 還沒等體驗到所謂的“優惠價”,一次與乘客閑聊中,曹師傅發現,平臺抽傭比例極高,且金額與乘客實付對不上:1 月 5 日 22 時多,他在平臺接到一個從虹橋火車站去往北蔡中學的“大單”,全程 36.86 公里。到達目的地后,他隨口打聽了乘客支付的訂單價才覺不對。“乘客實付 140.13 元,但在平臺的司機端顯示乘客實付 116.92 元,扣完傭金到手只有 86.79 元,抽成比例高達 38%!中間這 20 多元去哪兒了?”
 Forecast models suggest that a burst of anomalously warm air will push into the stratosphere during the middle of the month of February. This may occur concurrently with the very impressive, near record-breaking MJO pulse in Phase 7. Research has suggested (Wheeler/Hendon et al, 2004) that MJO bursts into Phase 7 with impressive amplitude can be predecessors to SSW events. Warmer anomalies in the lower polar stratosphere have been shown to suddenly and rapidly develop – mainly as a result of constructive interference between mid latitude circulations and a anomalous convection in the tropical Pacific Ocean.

* * *

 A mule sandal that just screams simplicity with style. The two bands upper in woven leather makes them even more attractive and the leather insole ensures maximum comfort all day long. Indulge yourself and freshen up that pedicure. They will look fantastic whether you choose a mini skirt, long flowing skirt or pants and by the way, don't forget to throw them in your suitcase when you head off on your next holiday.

--

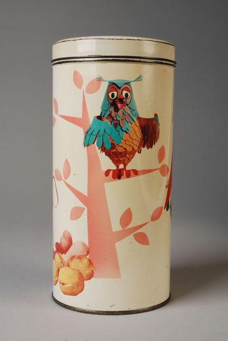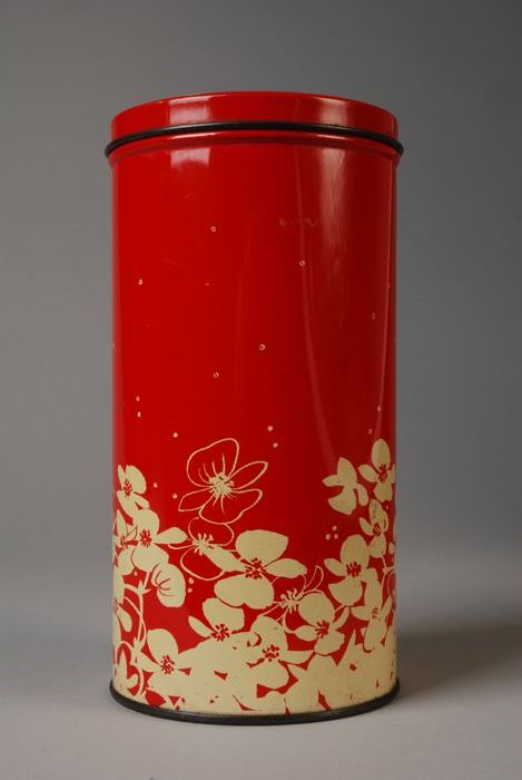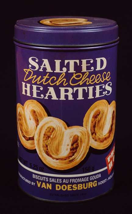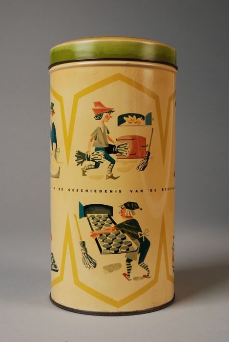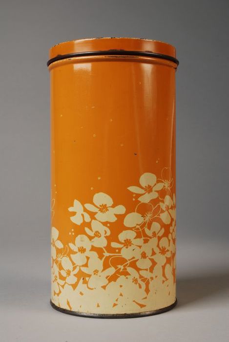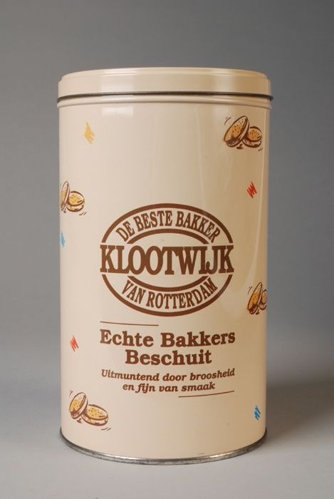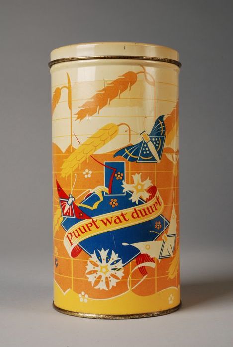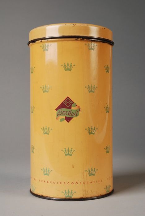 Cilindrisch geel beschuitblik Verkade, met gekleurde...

**Exercise goal**
Only the lines holding the word "will" belong in the answer; copy them from the listing above.

**Exercise output**
 Forecast models suggest that a burst of anomalously warm air will push into the stratosphere during the middle of the month of February. This may occur concurrently with the very impressive, near record-breaking MJO pulse in Phase 7. Research has suggested (Wheeler/Hendon et al, 2004) that MJO bursts into Phase 7 with impressive amplitude can be predecessors to SSW events. Warmer anomalies in the lower polar stratosphere have been shown to suddenly and rapidly develop – mainly as a result of constructive interference between mid latitude circulations and a anomalous convection in the tropical Pacific Ocean.
 A mule sandal that just screams simplicity with style. The two bands upper in woven leather makes them even more attractive and the leather insole ensures maximum comfort all day long. Indulge yourself and freshen up that pedicure. They will look fantastic whether you choose a mini skirt, long flowing skirt or pants and by the way, don't forget to throw them in your suitcase when you head off on your next holiday.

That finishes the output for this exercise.